Take a good long look at the Chrysler Building needling over the skyline, because that view is going away — maybe not today, maybe not tomorrow, but soon and for the rest of your life. The City Council has scheduled an August 9 vote on the first major overhaul of East Midtown’s rezoning since 1961, and the plan will likely reshape the area for another century beyond. You can glimpse the future right now at the construction site next to Grand Central Terminal, where the One Vanderbilt tower is already under construction; by the time the tower is finished, in 2020, it will have lofted past the Chrysler Building and hit 1,400 feet, just shy of the Empire State Building’s TV mast. The city calculates that the area between Third Avenue and Madison Avenues, from East 39th Street to East 57th Street, contains another 16 sites where developers could build the next generation of megatowers.
The proposed zoning, which has just passed two key committees and seems to have a smooth road ahead, revives one of the Bloomberg administration’s late-term ambitions for the Grand Central neighborhood: to compete with London, Dubai, and Hong Kong. The area already accounts for nearly 10 percent of the city’s tax base, but its growth is blocked by restrictive rules and an accretion of office buildings that have outlived their economic efficiency. The Bloomberg push foundered on objections that it satisfied the desires of developers and occupants of the future high-rise kingdom without doing enough to make life easier for the millions who jam the sidewalks and subways down below.
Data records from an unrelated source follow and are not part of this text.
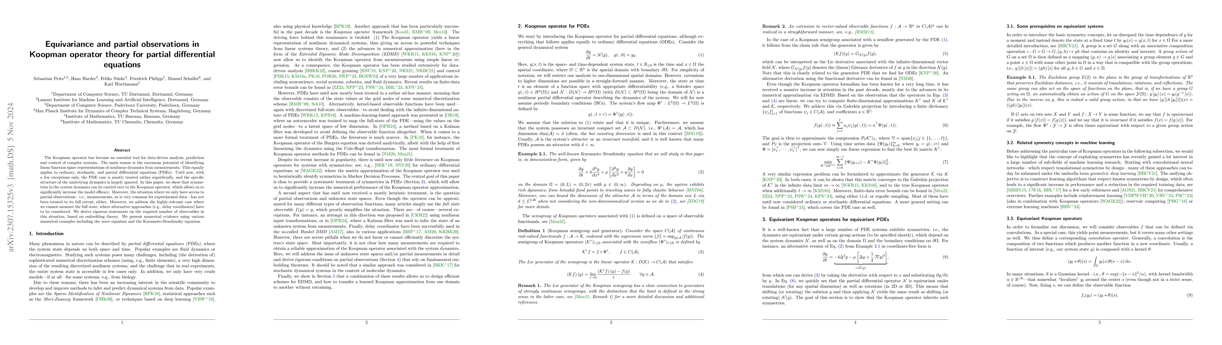 This paper explores the application of Koopman operator theory to large-scale dynamical systems under partial observations and coarse graining. It addresses the limitations of the EDMD algorithm in such scenarios and demonstrates how equivariance can enhance model efficiency by leveraging system symmetries.
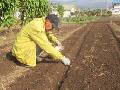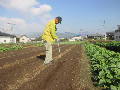 キョウナ チンゲンサイの横に種まきです。2列です。畝E 10月16日種まき
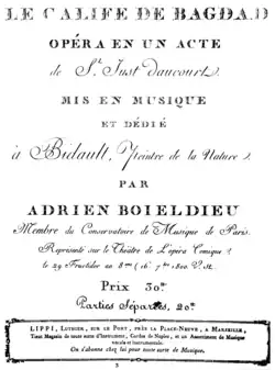 Le calife de Bagdad wurde vom Pariser Publikum gut aufgenommen;[2] Luigi Cherubini, der Boieldieu in Paris unterstützte, fragte ihn, „ob er sich wegen des unverdienten Erfolges nicht schäme“, woraufhin Boieldieu bei ihm Unterricht nahm.[3] Der deutsche Musiktheoretiker Gottfried Weber hingegen kritisierte die Oper als alltäglich mit nur wenigen gelungenen Stellen und unbedeutendem Dialog.[4] Le calife de Bagdad gehörte über Jahrzehnte zum Repertoire des Théâtre de l’Opéra-Comique; die letzte Neuinszenierung stammte aus dem Jahr 1875. Auch außerhalb Frankreichs wurde die Oper immer wieder aufgeführt. Dabei wurden teilweise die Rollennamen und auch der musikalische Inhalt verändert, so beispielsweise in der deutschen Bearbeitung von Fritz Schröder aus dem Jahr 1939. Auch das Thema wurde häufig aufgegriffen, etwa 1813 in Manuel Garcías Il califfo di Bagdad sowie 1826 in Gioachino Rossinis Adina ossia Il califfo di Bagdad.

It also placed dozens of architecturally distinguished but unprotected buildings in developers’ sites. The new version tries to balance the capitalist economic imperative to build new and big with the human desire to breathe.
“We are equally focused on the business case for incentivizing higher-quality office space as on the fact that any increase in density has to be offset by improvements in the public realm and in transit,” says Deputy Mayor Alicia Glen.
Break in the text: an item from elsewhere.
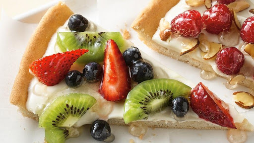 In small bowl, beat cream cheese, sugar and vanilla with electric mixer on medium speed until fluffy. Spread mixture over cooled crust. Arrange fruit over cream cheese. Stir jelly until smooth; spoon or brush over fruit. Refrigerate until chilled, at least 1 hour. To serve, cut into wedges or squares. Cover and refrigerate any remaining pizza.

City Councilmember Daniel Garodnick, who represents the district, and Manhattan Borough President Gale Brewer partnered with the de Blasio administration to tackle the preservation, transportation, public space, and financial issues separately. The Landmarks Preservation Commission made a thorough survey of the area’s architecture and on a single day in 2016 designated a dozen individual landmarks, including the Art Deco Graybar Building, the five-story Martin Erdmann House on East 55th Street, and the Citicorp Building. Just as important, those landmarked buildings will now be able to sell their air rights anywhere in the rezoned district, providing churches and the owners of creaky old buildings with the cash to keep them up.
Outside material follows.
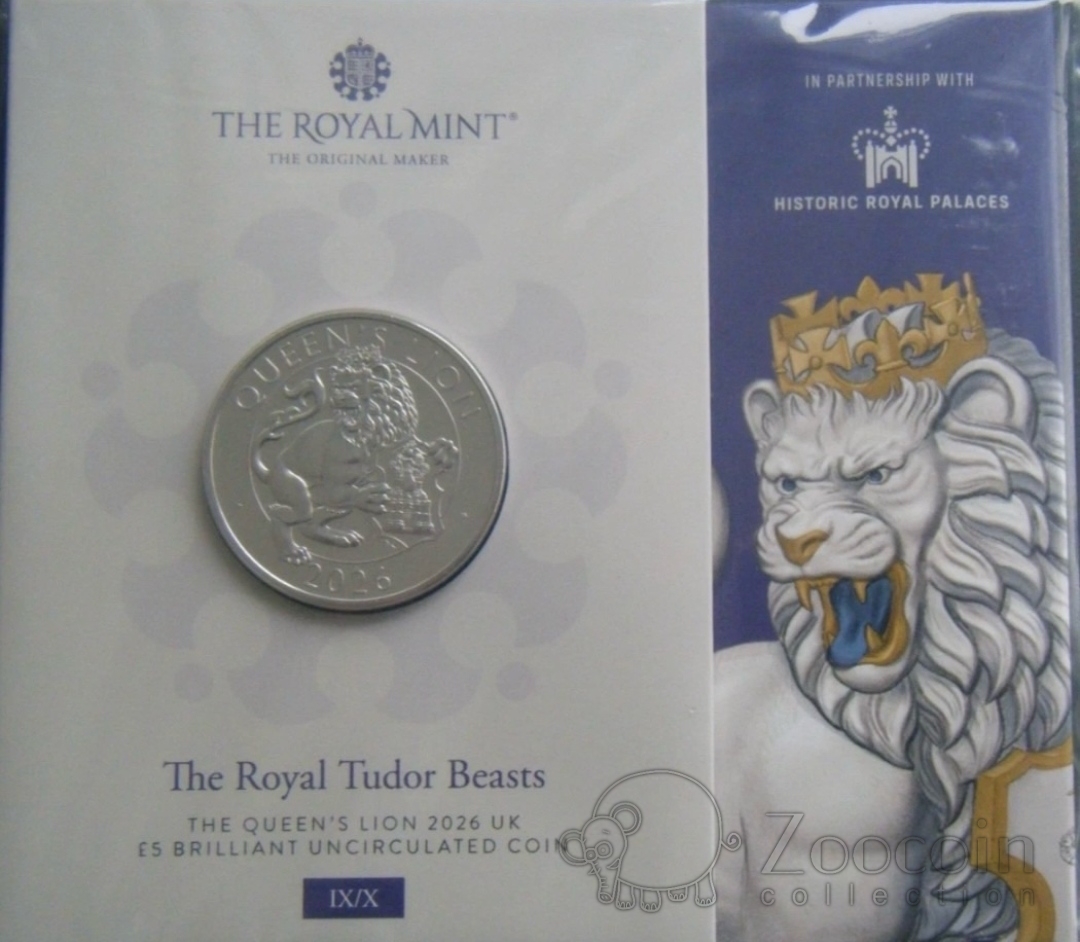 Великобритания 5 фунтов 2026 Звери Тюдоров - Королевский лев / Лев королевы (блистер)

The rezoning creates a large pot of money to fix up streets and subway stations: Skyscraper developers have to buy into the area by carrying out a laundry list of transit improvements — specifically, more exits and escalators — with a price tag that Garodnick estimates at around $500 million. The de Blasio administration will also kick in $50 million of city money to overhaul streets and plazas. Developers can further boost the height of their towers by buying air rights from landmarked buildings and paying a fee to the city (a minimum of $61.49 per square foot). Those 3.6 million square feet of air rights can be stockpiled into a few hypertall towers or divided up across a larger number of sites, depending on market pressures — and pump about $221 million into public space. The template for this grand bargain is the mini-rezoning that permitted One Vanderbilt and yielded new subway access and a pedestrianized stretch of Vanderbilt Avenue out front. The new deal simultaneously lubricates the passage of money through the universe and the passage of New Yorkers through their streets — in theory, at least.
The de Blasio administration — like the Bloomberg administration before it— projects a steadily growing city that keeps attracting residents, creating jobs, and needing new buildings for both. With mammoth office towers rising at Hudson Yards and at the World Trade Center, it may seem like overkill to plan for another round of mutant towers in midtown. But Glen insists that the market is hungry enough to consume all those acres of cubicles and trading floors. She invokes a 2015 study by the city’s economic-development corporation, which predicted that New York would need another 60 million square feet of new office space in the coming decade. Besides, the city is merely priming the market, not ordering up towers. It will take years before the new rules percolate to private developers’ decisions, before backhoes start digging foundations and new shadows fall.
Still, to the legions of New Yorkers who watch the skyline convulse and see their streets lined with walls of glass, that money-fueled future looks potentially troubling. Eventually, daylight will have to find its way down ever steeper and narrower channels before it hits the sidewalk. The Empire State Building will peek through clusters of 21st-century giants. This summer’s subway troubles make it nice to imagine unblocking bottlenecks and letting passengers flow more fluidly up off platforms — but they also make it hard to imagine that those local changes will significantly ease commutes all up and down the line. And as ever-larger crowds converge on the streets around Grand Central, they could well jam the new traffic-free plazas and required corporate spaces, making the heart of Manhattan feel more prosperous, more industrious, and more insanely thronged than ever.